The challenger called for a “predictable formula” for the return of Fairfield County tax dollars from Hartford, calling “political jockeying” during budget season to determine how much funding is returned to towns like Fairfield and Trumbull unfair.

“There should be a balanced formula that income dictates the return, not political gamesmanship,” he said.

Garrity would look to address transportation and education in office. He called Fairfield County transportation neglected and said the county getting its “fair share” as the “economic engine that drives this state” is among his priorities. Along with supporting infrastructure, Garrity would encourage funding for next-generation transportation and plan for the county’s future.

On education, Garrity said Connecticut’s legislative requirements for education or testing requirements need to come with funding. He said similar to the situation of businesses, towns and school districts need to know set, unchanging tax and funding information to plan.
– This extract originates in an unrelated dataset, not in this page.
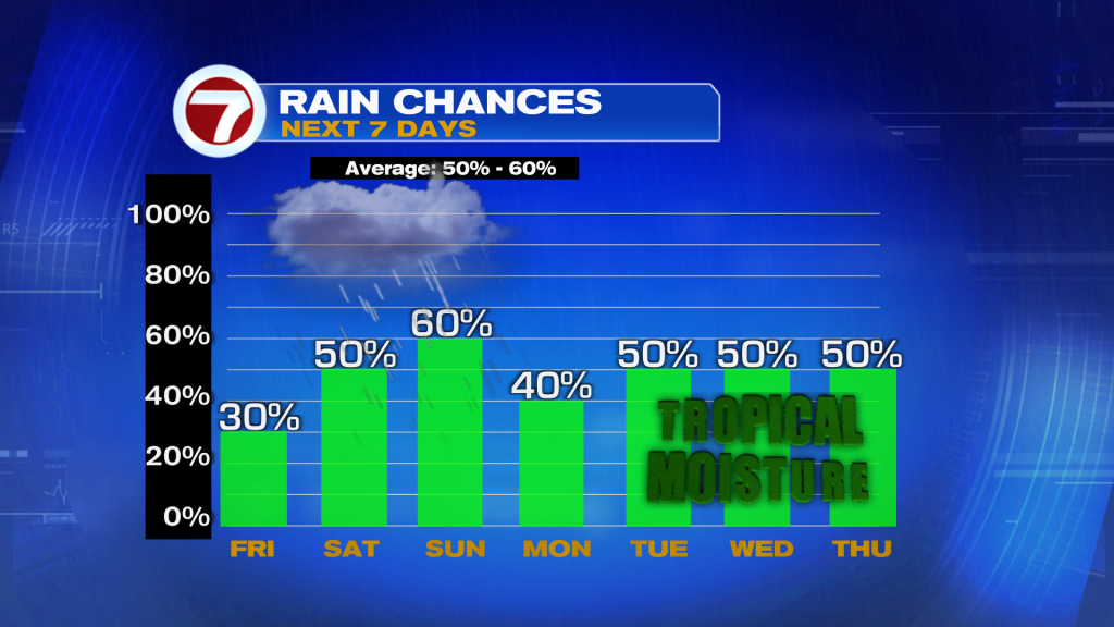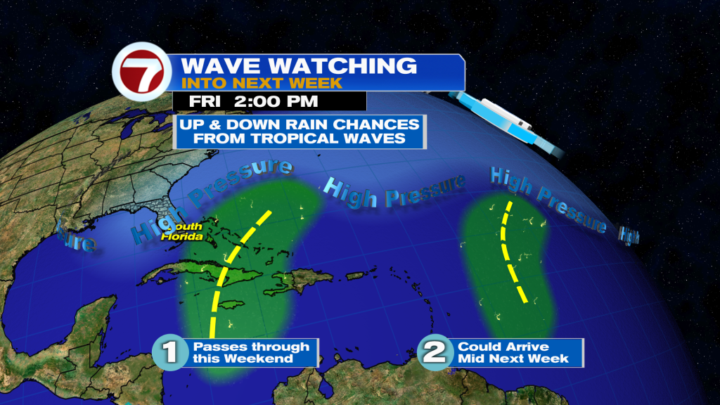 Another tropical wave could enter the picture mid-next week, meaning higher rain chances once again. With more clouds and showers overall next week, high temperatures should be closer to normal, generally hovering into the low 90s.

Garrity criticized his opponent Devlin, claiming she almost always votes with her party. Devlin said she is an independent voice, voting as she believes is best for the 134th District.
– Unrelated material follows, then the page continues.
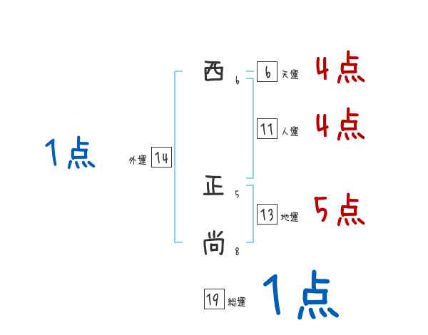 西正尚さんの画数の鑑定結果

“When I go places and I participate, I’m effective,” Garrity said. “We hear a lot from my opponent on what she tried to do, the reason it’s somebody else’s fault and she makes choices that are unexplainable. She talks about working together, but she doesn’t.”

Born in Bridgeport, Garrity spent time in Fairfield with his grandmother while growing up, and has lived in Trumbull for more than half his life. Garrity is widowed, but remarried with a “great blended family,” including four children.

Garrity entered government in 2006 as Appeals Commissioner for the Trumbull Zoning Board of Appeals. He served on the Greater Bridgeport Regional Planning Agency, chairing its board of directors twice, before his current role on P&Z.

“Unlike others who promise and say what needs to be done, I actually have a record of working across the aisle successfully for almost 15 years,” Garrity said. “To have a success rate that I have for 15 years and the reputation I have, that’s proof that I know how to work across the aisle.”

He emphasized charity work in the community, including founding the CT United Ride m in 2001, the largest 9/11 tribute in the state involving an annual motorcade through Fairfield County towns.

In the presidential election, Garrity said it is “highly likely” he will “end up” voting for Democratic nominee Hillary Clinton.

“There seems to be only one logical choice, and it’s not by party — it’s by the best candidate — but there are so many imperfections,” he said. “One side just happens to have more.”